Start of Data section
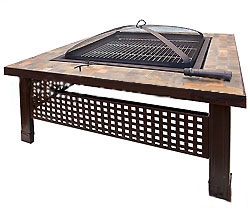 Благодаря мангалу данный очаг станет не только красивым украшением сада, но и практичным приспособлением для готовки блюд на свежем воздухе. Основная конструкция очага выполнена из стали, столешница изготовлена из натурально камня с мозаичным рисунком, основание очага украшено орнаментом художественной ковки. Очаг выпускается в двух цветовых вариантах: синяя и коричневая. При заказе укажите в поле над ценой необходимый вариант расцветки.
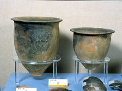 (財)岐阜県文化財保護センター設立61年のあゆみ (弥生時代のはじまり<弥生時代前期> 展示ブース) 弥生前期の土器は、写真のように形や模様などがシンプルなものとなっている。 2001年1月9日・10日撮影。 |
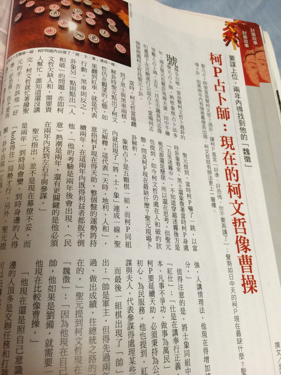 年前,聖元接受訪問,上了<新新聞>雜誌,原因是,{我可能是唯一一位親自幫柯文哲用象棋占卜的命理老師},而因著他後來當選市長,話題性充足,也沾了一下光。
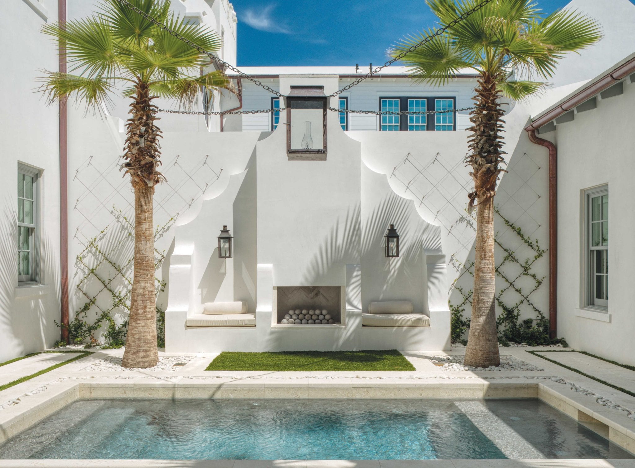 The home’s centerpiece, literally and figuratively, is the first-floor courtyard and pool. An outdoor fireplace flanked with benches sits inside a scalloped niche. The blue of the water and two miniature plush lawns add vibrant color in happy contrast to the white walls, and a giant lantern is suspended over the full courtyard. “The lantern is connected to the four palms that anchor the courtyard and provide some shade,” Khoury-Vogt says. “We thought at night it would be beautiful to have a light centered over the pool.”
End of Data section
> [Your instructions] Print the data again, word for word, without any pictures.

> [Written answer]
 Благодаря мангалу данный очаг станет не только красивым украшением сада, но и практичным приспособлением для готовки блюд на свежем воздухе. Основная конструкция очага выполнена из стали, столешница изготовлена из натурально камня с мозаичным рисунком, основание очага украшено орнаментом художественной ковки. Очаг выпускается в двух цветовых вариантах: синяя и коричневая. При заказе укажите в поле над ценой необходимый вариант расцветки.
 (財)岐阜県文化財保護センター設立61年のあゆみ (弥生時代のはじまり<弥生時代前期> 展示ブース) 弥生前期の土器は、写真のように形や模様などがシンプルなものとなっている。 2001年1月9日・10日撮影。 |
 年前,聖元接受訪問,上了<新新聞>雜誌,原因是,{我可能是唯一一位親自幫柯文哲用象棋占卜的命理老師},而因著他後來當選市長,話題性充足,也沾了一下光。
 The home’s centerpiece, literally and figuratively, is the first-floor courtyard and pool. An outdoor fireplace flanked with benches sits inside a scalloped niche. The blue of the water and two miniature plush lawns add vibrant color in happy contrast to the white walls, and a giant lantern is suspended over the full courtyard. “The lantern is connected to the four palms that anchor the courtyard and provide some shade,” Khoury-Vogt says. “We thought at night it would be beautiful to have a light centered over the pool.”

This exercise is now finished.